Diretor de Rust oferece US$ 25 milhões pra Amazon não fechar New World

Vinicius Miranda

O encerramento definitivo de New World: Aeternum já tem data marcada, mas uma proposta inesperada chamou atenção da comunidade. Após a confirmação de que o MMORPG da Amazon Games será desligado permanentemente em 2027, Alistair McFarlane, diretor de ‘Rust’ e COO da Facepunch Studios, afirmou nas redes sociais que estaria disposto a pagar US$ 25 milhões para manter o jogo ativo.

Lançado em setembro de 2021, ‘New World: Aeternum’ teve um início expressivo, alcançando números elevados de jogadores simultâneos. Com o passar do tempo, no entanto, a base ativa diminuiu, e o jogo acabou perdendo espaço no cenário competitivo dos MMORPGs. A redução no engajamento levou a Amazon a encerrar o desenvolvimento do título e, posteriormente, anunciar seu desligamento definitivo.

A informação de que ‘New World: Aeternum’ ficará offline para sempre foi confirmada em 15 de janeiro, com previsão de encerramento total dos servidores em 2027. Antes disso, em outubro de 2025, a Amazon Games já havia promovido demissões e encerrado qualquer novo conteúdo ou atualização relacionada ao jogo.

Diante desse cenário, Alistair McFarlane se manifestou publicamente nas redes sociais com uma mensagem direta endereçada à publicadora. Em sua postagem, ele escreveu: “25m, oferta final Amazon Games”. Logo depois, reforçou sua posição com a frase “Jogos nunca deveriam morrer”.

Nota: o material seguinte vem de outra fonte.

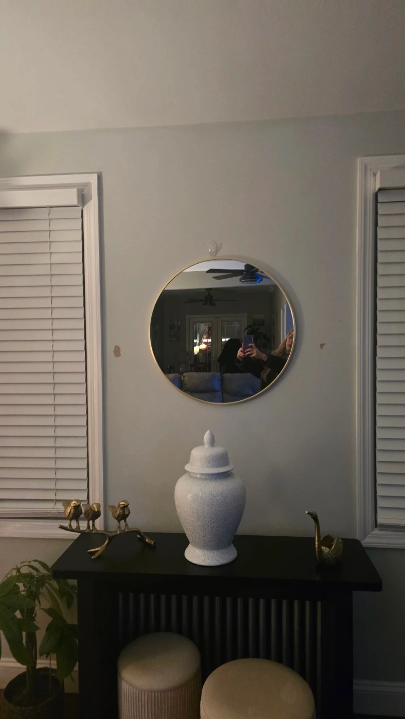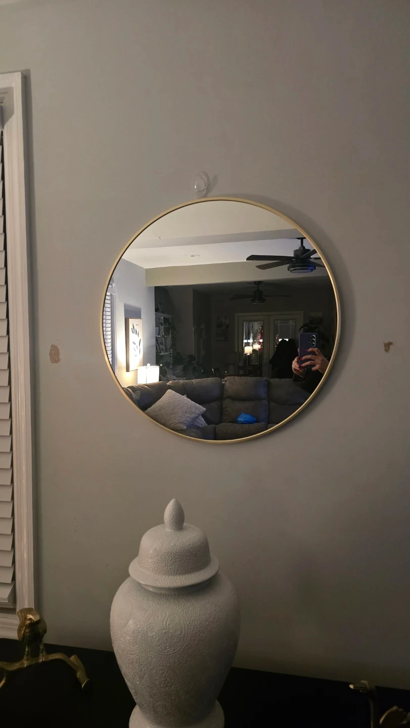 Selling a stylish round wall mirror with a gold frame! It's in great shape and ready to brighten up your space. The round shape adds a modern touch to any room

A declaração surgiu após um comentário de um funcionário da Facepunch Studios, que brincou dizendo ter pedido para “Ali” comprar ‘New World: Aeternum’. Segundo o próprio comentário, McFarlane teria respondido de forma negativa, o que levantou dúvidas entre usuários sobre a seriedade da oferta. Ainda assim, a publicação rapidamente ganhou repercussão e reacendeu o debate sobre preservação de jogos online.

Com o avanço da discussão, McFarlane explicou qual seria sua visão para o futuro do título caso a aquisição acontecesse. De acordo com ele, a solução estaria em dar mais autonomia à comunidade. O executivo afirmou que o ideal seria permitir servidores públicos e maior controle por parte dos jogadores, destacando que “um jogo pode viver para sempre nas mãos de uma comunidade dedicada”.

New World: Aeternum – Divulgação / Amazon Games

O possível fim de ‘New World: Aeternum’ se soma a outros casos recentes que geraram forte reação no mercado de games. Um dos exemplos mais citados é ‘The Crew’, da Ubisoft, que também teve seus servidores desligados, resultando em ações judiciais movidas por jogadores insatisfeitos com a perda de acesso ao conteúdo adquirido.

Nos últimos anos, o modelo de jogos exclusivamente online passou a ser amplamente questionado. Parte da comunidade defende que títulos pagos não deveriam se tornar inacessíveis após o encerramento do suporte oficial, enquanto empresas argumentam sobre custos de manutenção e infraestrutura.

Apesar da repercussão, não há qualquer confirmação de que a Facepunch Studios realmente negocie a aquisição de ‘New World: Aeternum’. Até o momento, a Amazon Games não se pronunciou sobre a oferta mencionada por McFarlane. Assim, o futuro do MMORPG segue indefinido, com o desligamento previsto mantido oficialmente para 2027.